Question

Two pellets, each with a charge of 1 microcoulomb (10-6 C), are located 3 cm (0.03 m) apart. What is the electric force between them? What would be the mass of an object that would experience this same force in the Earth's gravitational field?

Answer 1

Answer:

Therefore the electric force between them is 10 N

Mass of the object that would experience the same force is 1.02 kg.

Explanation:

Coulomb's Law:

The magnitude of electrostatic force of repulsion or attraction between two stationary electrical charged particle is directly proportional to the product of the charges and inversely proportional to the square of the distance between the charges.

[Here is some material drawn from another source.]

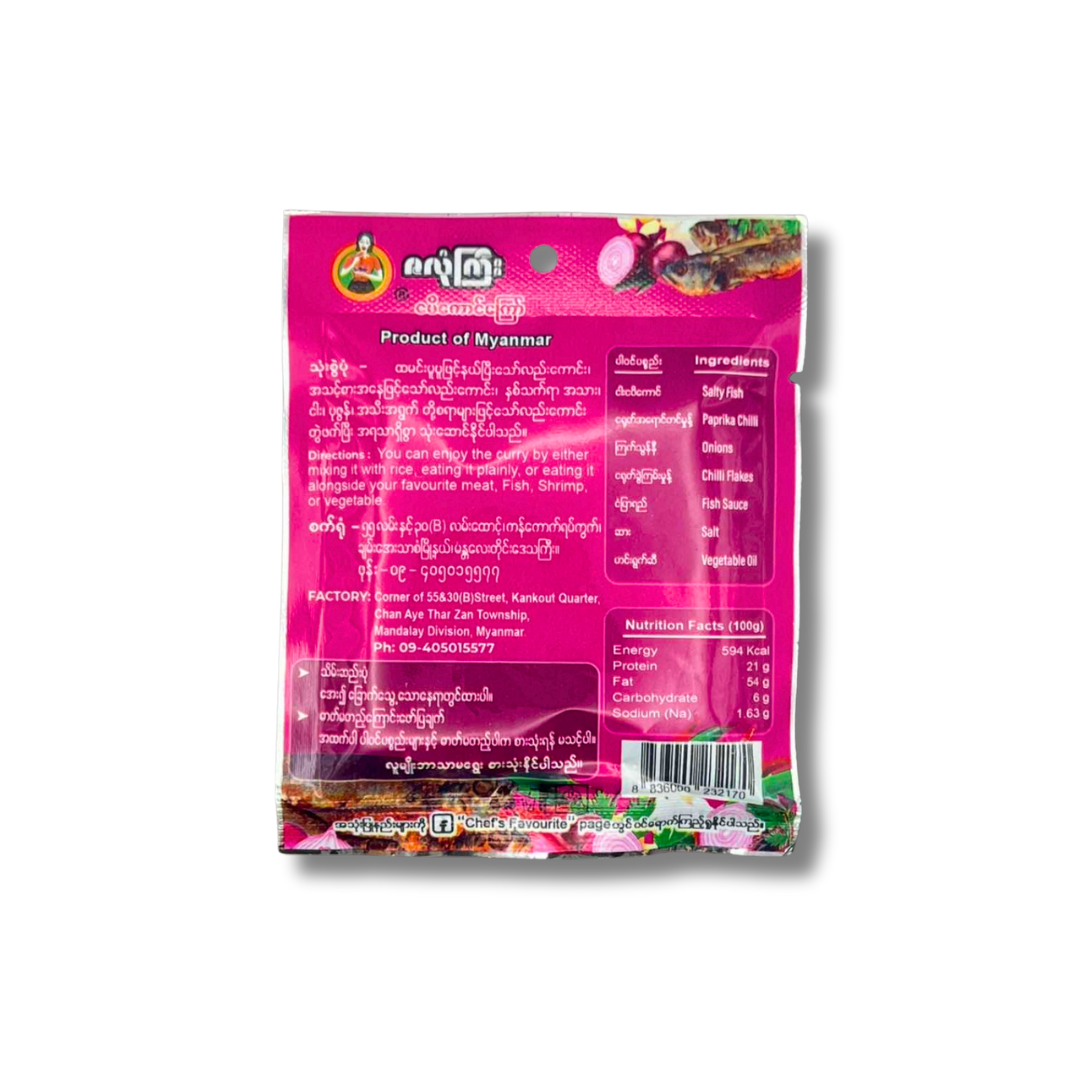 pice up your plate with Zalone Gyi (ဇလုံကြီး) Salty Fish Fried (ငပိကောင်ကြော်), a staple Burmese condiment packed with savory flavor. This rich, 100% Halal paste combines salty fish with aromatic ingredients like chili, onion, and paprika for a deep, satisfying heat. Enjoy this traditional, convenient 40g fried curry simply mixed with hot rice, eaten plainly, or served alongside your favorite meat, fish, or vegetable dishes. It’s an easy way to bring authentic Burmese depth to any meal.

$\therefore F=k \frac{q_1q_2}{r^2}$

$q_1$, $q_2$ are two charges.

r is the distance between the charges q₁ and q₂ .

k=$9\times 10^{9}$  N m²/C²

Here $q_1=q_2=10^{-6} \ C$ , r = 0.03 m.

$\therefore F=9\times 10^{9} .\frac{10^{-6}\times10^{-6}}{(0.03)^2}$ N

      =10 N

Therefore the electric force between them is 10 N

The formula for gravitation force:

F=mg

m= mass

g= 9.8 m/s²

F=10 N

$\therefore 10 = 9.8 \times m$

$\Rightarrow m=\frac{10}{9.8}$

       =1.02 kg

Mass of the object that would experience the same force is 1.02 kg.